We have grown our generics business through a combination of market share gains on existing products and new product launches. We have also successfully acquired numerous ANDAs through business and asset acquisitions, including, most recently, our acquisition of Novitium Pharma LLC (“Novitium”), including their portfolio of commercial and pipeline generic products, manufacturing and development facilities and expert workforce. We have begun to increase our focus on niche lower competition opportunities such as injectables, Paragraph IV, and Competitive Generic Therapy designation filings. Additionally, we will continue to seek opportunities to enhance our capabilities through strategic partnerships and acquisitions of assets and businesses.

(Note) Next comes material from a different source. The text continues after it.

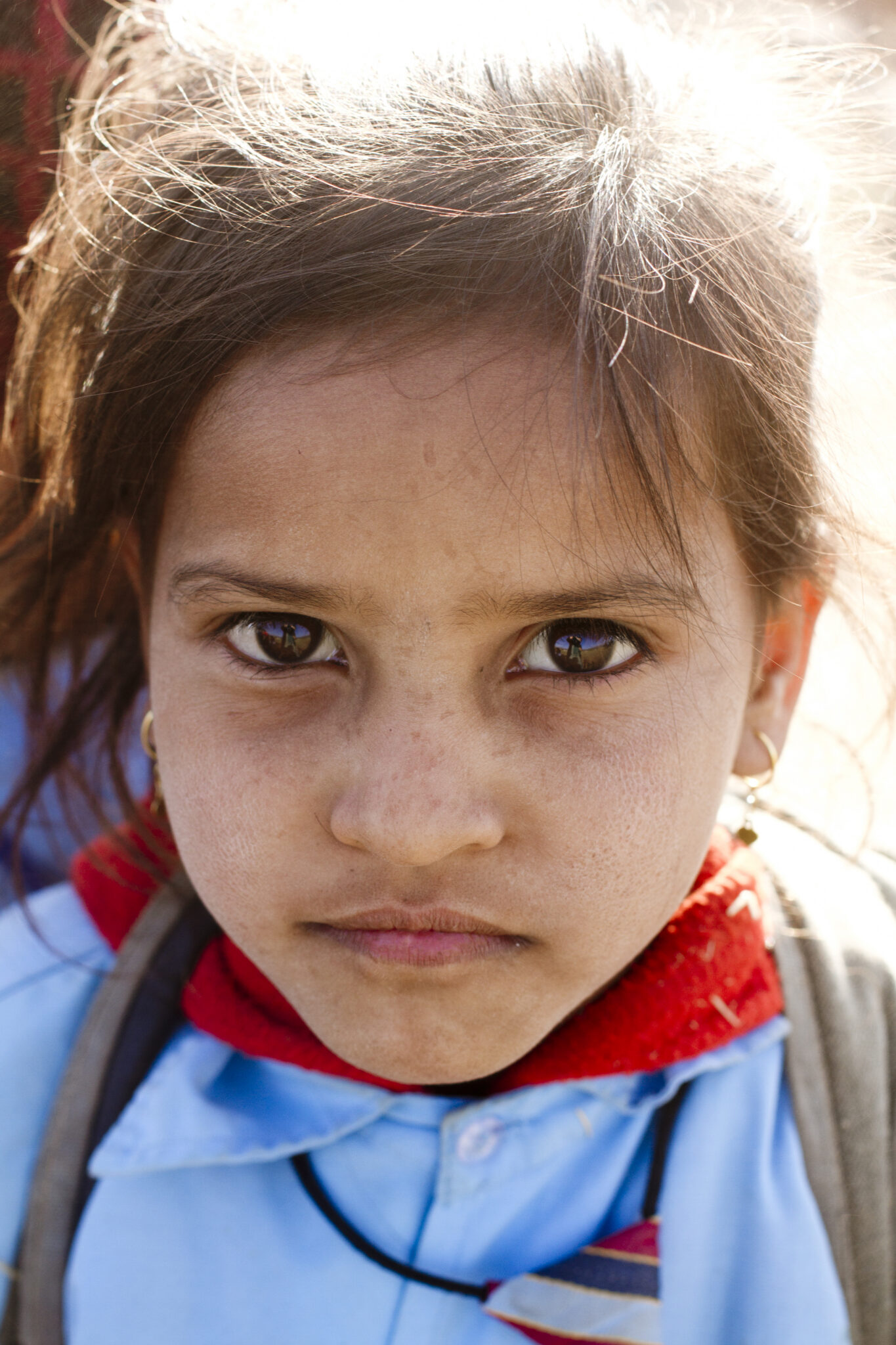 A young girl walking home from school stops to get her photo taken in Nepal.

Maximizing the value from our established brands through innovative “go-to-market” (“GTM”) strategies and continued programmatic acquisitions

We have acquired the New Drug Applications (“NDAs”) for and market Atacand, Atacand HCT, Arimidex, Casodex, Lithobid, Vancocin, Inderal LA, Inderal XL, InnoPran XL, Oxistat, Veregen, and Pandel. We are innovating in our GTM strategy through creative partnerships. In addition, we will continue to explore opportunities in acquiring new brands to grow our established brands portfolio.

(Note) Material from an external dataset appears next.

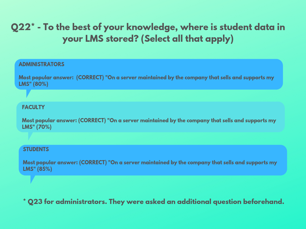 Q22 Summary Graphic – To the best of your knowledge, where is your data in your LMS stored? Go Back q22-graphic-Download Share this: Share on X (Opens in new window) X Share on Facebook (Opens in new window) Facebook Like Loading...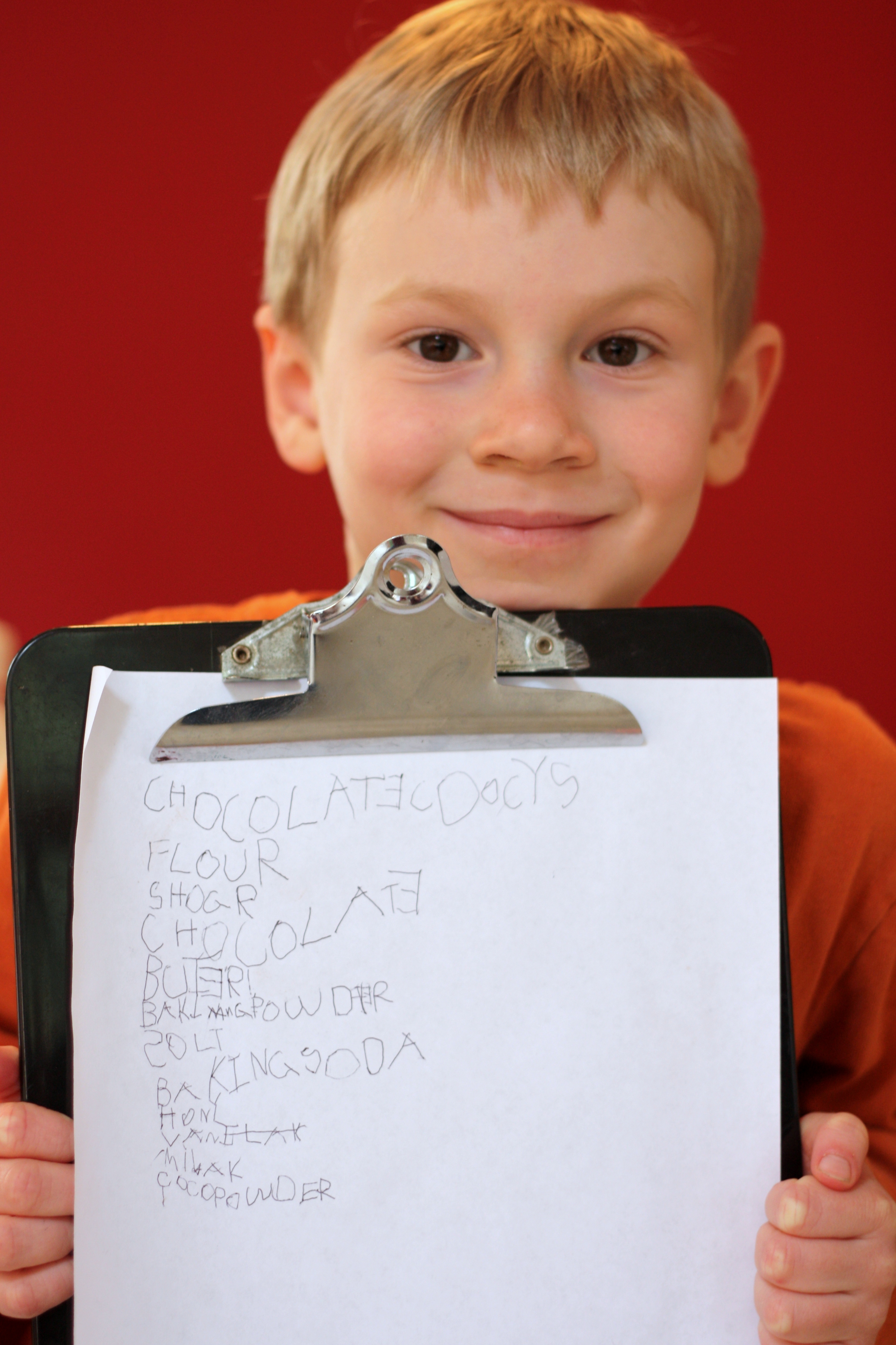 Lately Tommy has been quite interested in sounding out letters, and he worked very hard to write out the recipe for these cookies.

Expansion of contract development and manufacturing organization (“CDMO”) business by leveraging our unique manufacturing capabilities

We built a CDMO business through our sites in Baudette and grew it through the acquisitions of Novitium and WellSpring Pharma Services Inc. (“ANI Canada”). Our North America based manufacturing and unique capabilities in high-potency, hormonal, steroid, and oncolytic products can be leveraged to expand our CDMO business.

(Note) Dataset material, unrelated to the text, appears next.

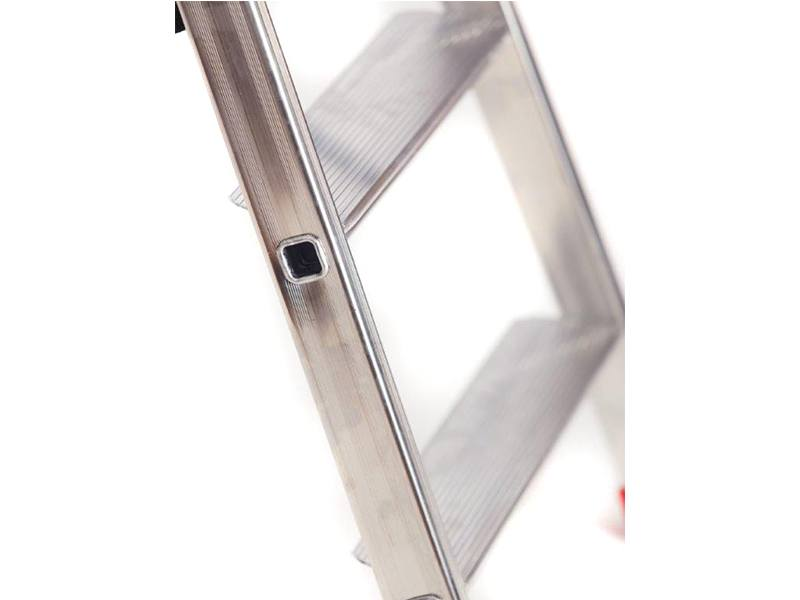 Uiterst veilig Het spreekt voor zich dat deze trap uiterst veilig is. Zo is de Alu-Top uitgerust met grote veiligheidsvoeten, voor extra stabiliteit. Verder is het scharnierende platform voorzien van een veiligheidspal. En omdat de speciale treden gegroefd zijn, heb je een optimale grip. Je zult dus niet snel uitglijden.

The pillars of our strategy are enabled by an empowered, collaborative, and purposeful team with a high performance-orientation.

Product Development Considerations

We consider a variety of criteria in determining which products to develop, all of which influence the level of competition upon product launch. These criteria include:

Formulation Complexity. Our development and manufacturing capabilities enable us to manufacture pharmaceuticals that are difficult to produce, including highly potent, extended release, combination, and low dosage products. This ability to manufacture a variety of complex products is a competitive strength that we intend to leverage in selecting products to develop or manufacture.
Patent Status. We seek to develop products whose branded bioequivalents do not have long-term patent protection or existing patent challenges.
Market Size. When determining whether to develop or acquire an individual product, we review the current and expected market size for that product at launch, as well as forecasted price erosion upon conversion from branded to generic pricing. We endeavor to manufacture products with sufficient market size to enable us to enter the market with a strong likelihood of being able to price our products both competitively and at a profit.
Profit Potential. We research the availability and cost of active pharmaceutical ingredients in determining which products to develop or acquire. In determining the potential profit of a product, we forecast our anticipated market share, pricing, including the expected price erosion caused by competition from other generic manufacturers, and the estimated cost to manufacture the products.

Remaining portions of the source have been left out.